Excluding Grocery & Drugstores, more traditional multi-supplier retailers are hitting rough waters; many went Chapter 11 eg Sears, Woolco, Zellers, The Bay, Neiman Marcus, Lord & Taylor, Saks*, JCPenney*, Nordstrom Canada, Shopko, etc. We still have Holts, Macy’s, Bloomingdales, Canadian Tire, Walmart, Kohl’s, and some (salvaged) Saks & JCPenney stores. They all feel pressure to adapt or suffer and that’s one reason many are experimenting w ‘Store in a Store‘ -a hybrid of traditional Multi-Supplier Store on one end, and a fully Brand-run Flagship outlet at the other end, of a control/selection continuum.

Examples: FedEx courier stores in Staples; Bouclair home decor & UPS package delivery in Walmart; Party City & Petco in Canadian Tire; Wine Rack in Metro, Sobeys & Zehrs.

Holt’s has long used ‘Store In a Store’ (SinS) for designer lines. The brands themselves influence selection, layout & merchandising of sub-footprint zones w/i the overall store.

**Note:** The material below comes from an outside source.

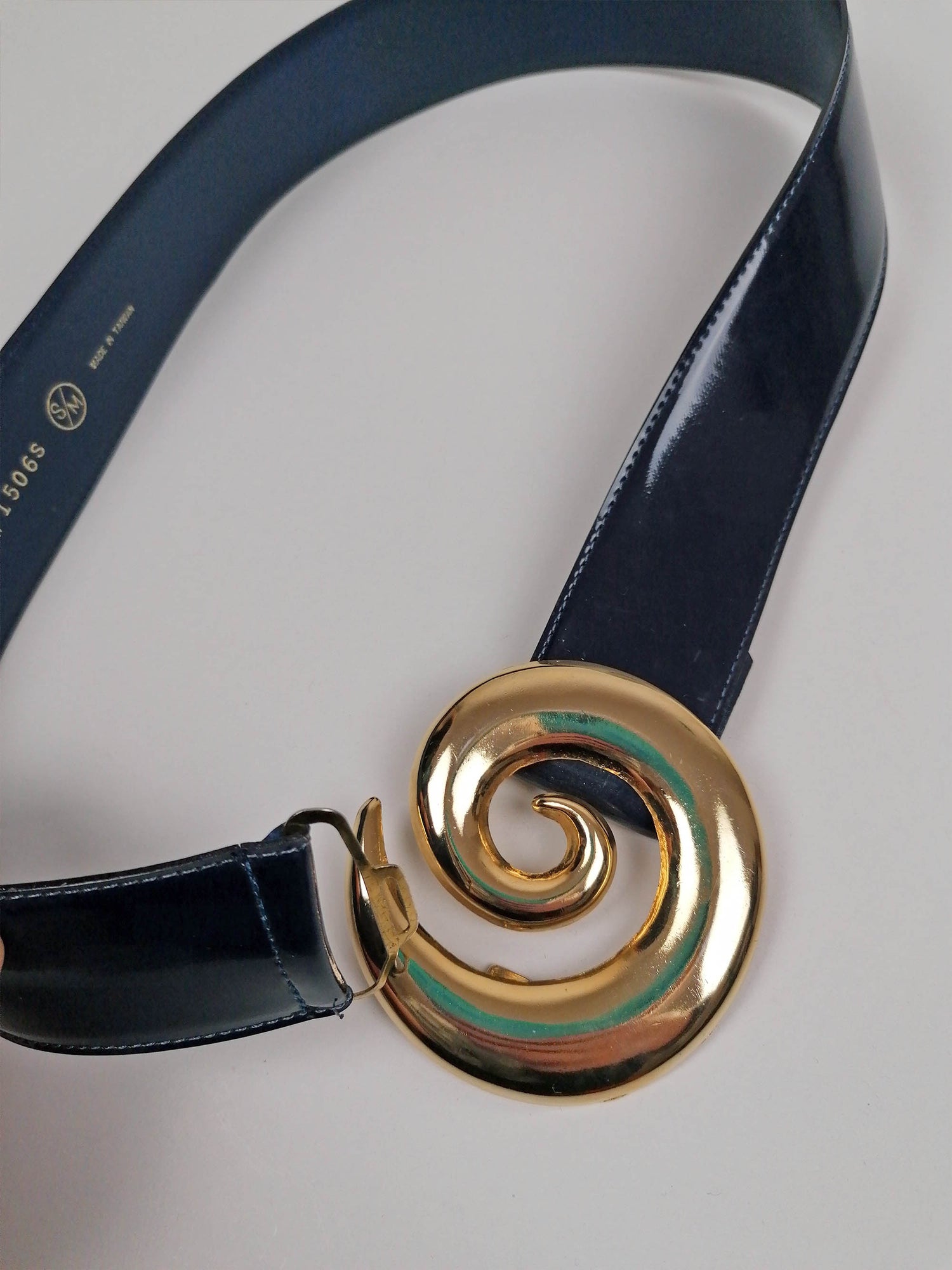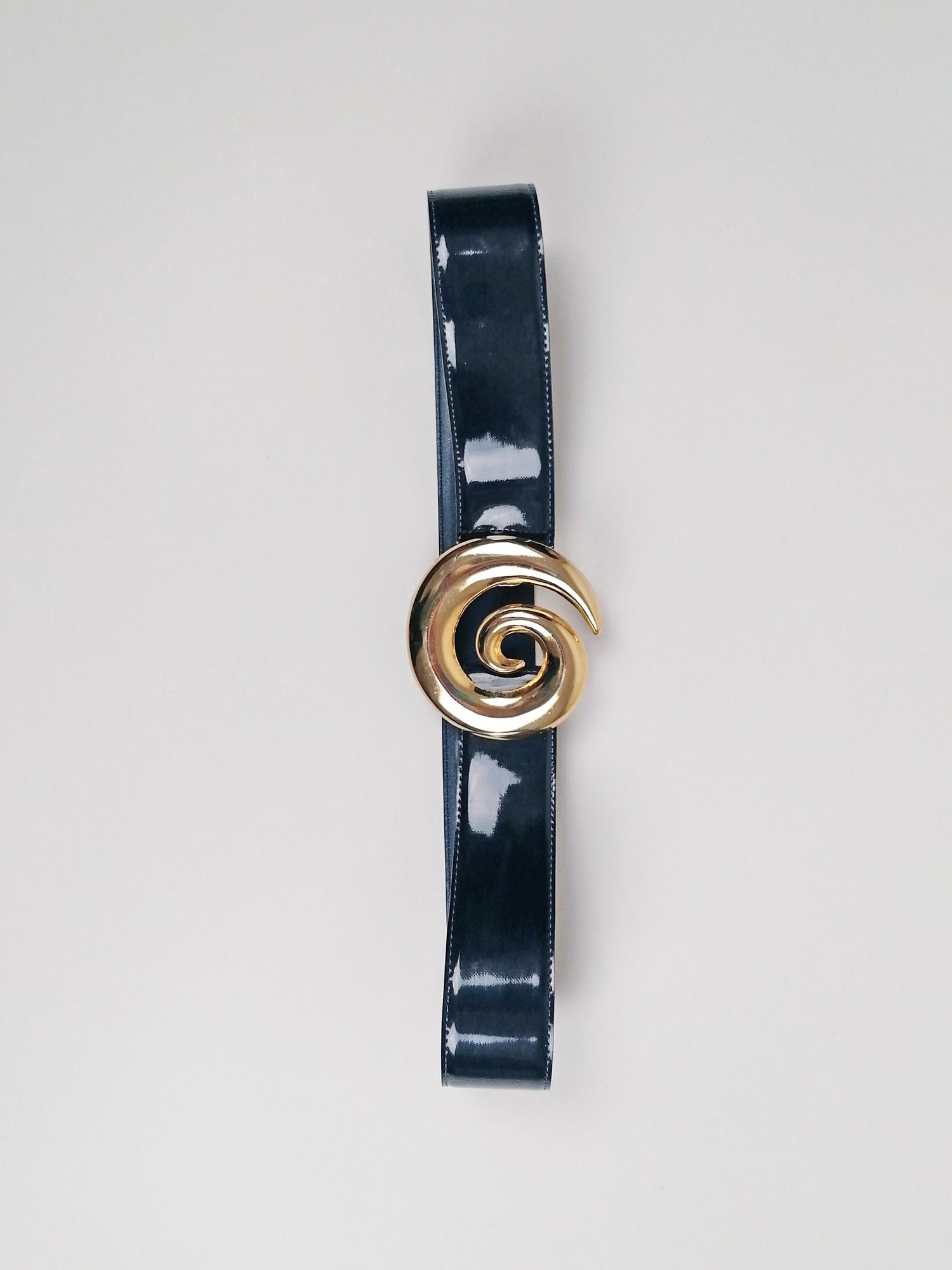 90's Shiny Navy Faux Patent Leather Belt Gold Buckle - size S-M

What varies in the different Hybrid experiments is the extent to which supplier brands influence/manage staff training, in store promotion & checkout. SinS formats can’t match the brand autonomy, ambience & selection control of an Own-Store eg a flagship outlet run by a brand like adidas, Nike, Boss, Cole Haan. But fashion brands are foremost interested in brand management & marketing, not in being a retailer, so I bet many brands quietly hope retail chains’ SinS efforts work out & win consumers (as long as the purchases are not by shoppers who would have bought the brand at the flagship store or on the brand’s website anyway!)